## Task details
Without its pictures, the listing below is to be transcribed exactly.

## Information supplied
-------
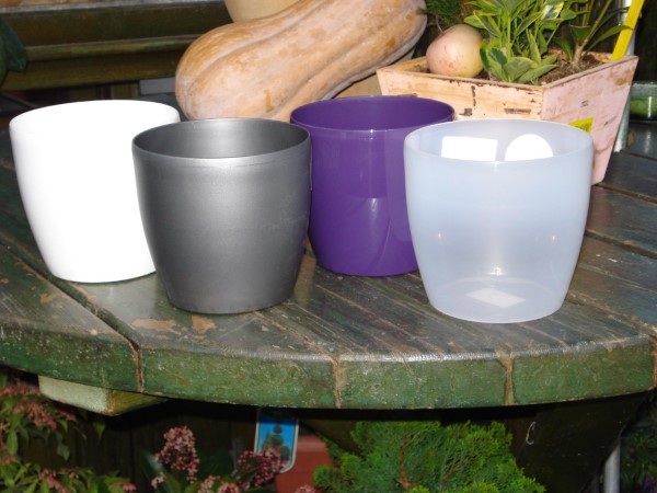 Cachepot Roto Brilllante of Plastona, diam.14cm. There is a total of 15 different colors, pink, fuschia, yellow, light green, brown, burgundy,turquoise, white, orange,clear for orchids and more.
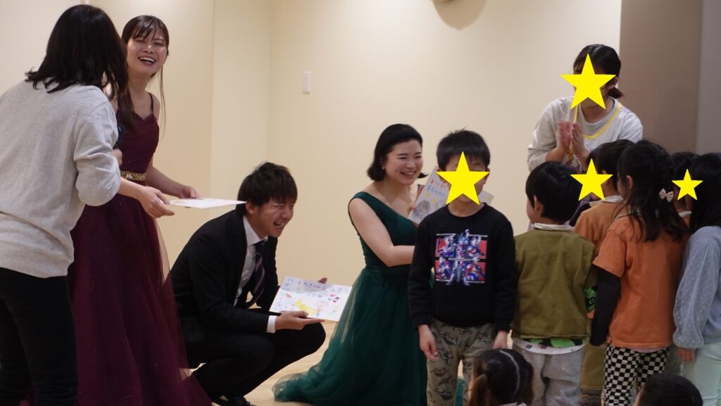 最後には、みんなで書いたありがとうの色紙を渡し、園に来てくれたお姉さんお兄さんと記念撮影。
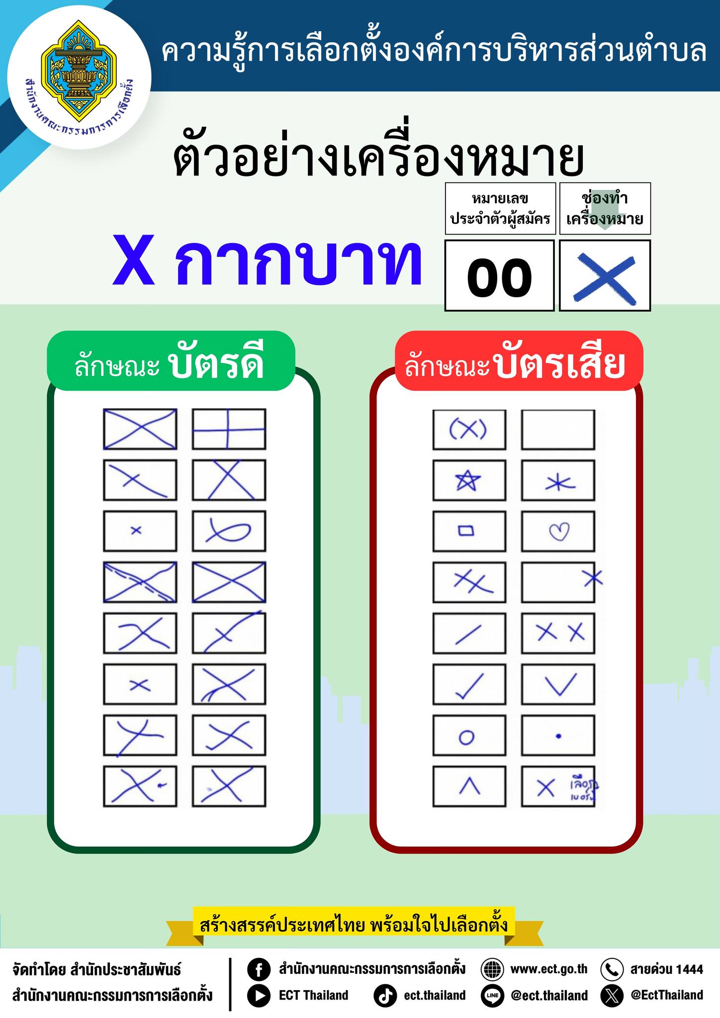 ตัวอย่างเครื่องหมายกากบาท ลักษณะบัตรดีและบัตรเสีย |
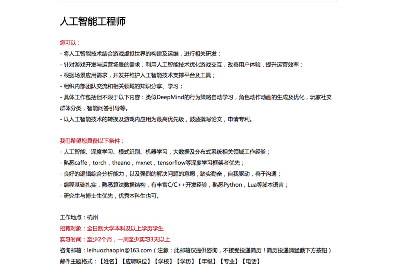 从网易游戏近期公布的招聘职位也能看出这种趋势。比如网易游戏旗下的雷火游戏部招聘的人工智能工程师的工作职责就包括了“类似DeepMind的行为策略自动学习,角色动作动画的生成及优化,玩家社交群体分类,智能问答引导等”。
-------
## Response to this task
 Cachepot Roto Brilllante of Plastona, diam.14cm. There is a total of 15 different colors, pink, fuschia, yellow, light green, brown, burgundy,turquoise, white, orange,clear for orchids and more.
 最後には、みんなで書いたありがとうの色紙を渡し、園に来てくれたお姉さんお兄さんと記念撮影。
 ตัวอย่างเครื่องหมายกากบาท ลักษณะบัตรดีและบัตรเสีย |
 从网易游戏近期公布的招聘职位也能看出这种趋势。比如网易游戏旗下的雷火游戏部招聘的人工智能工程师的工作职责就包括了“类似DeepMind的行为策略自动学习,角色动作动画的生成及优化,玩家社交群体分类,智能问答引导等”。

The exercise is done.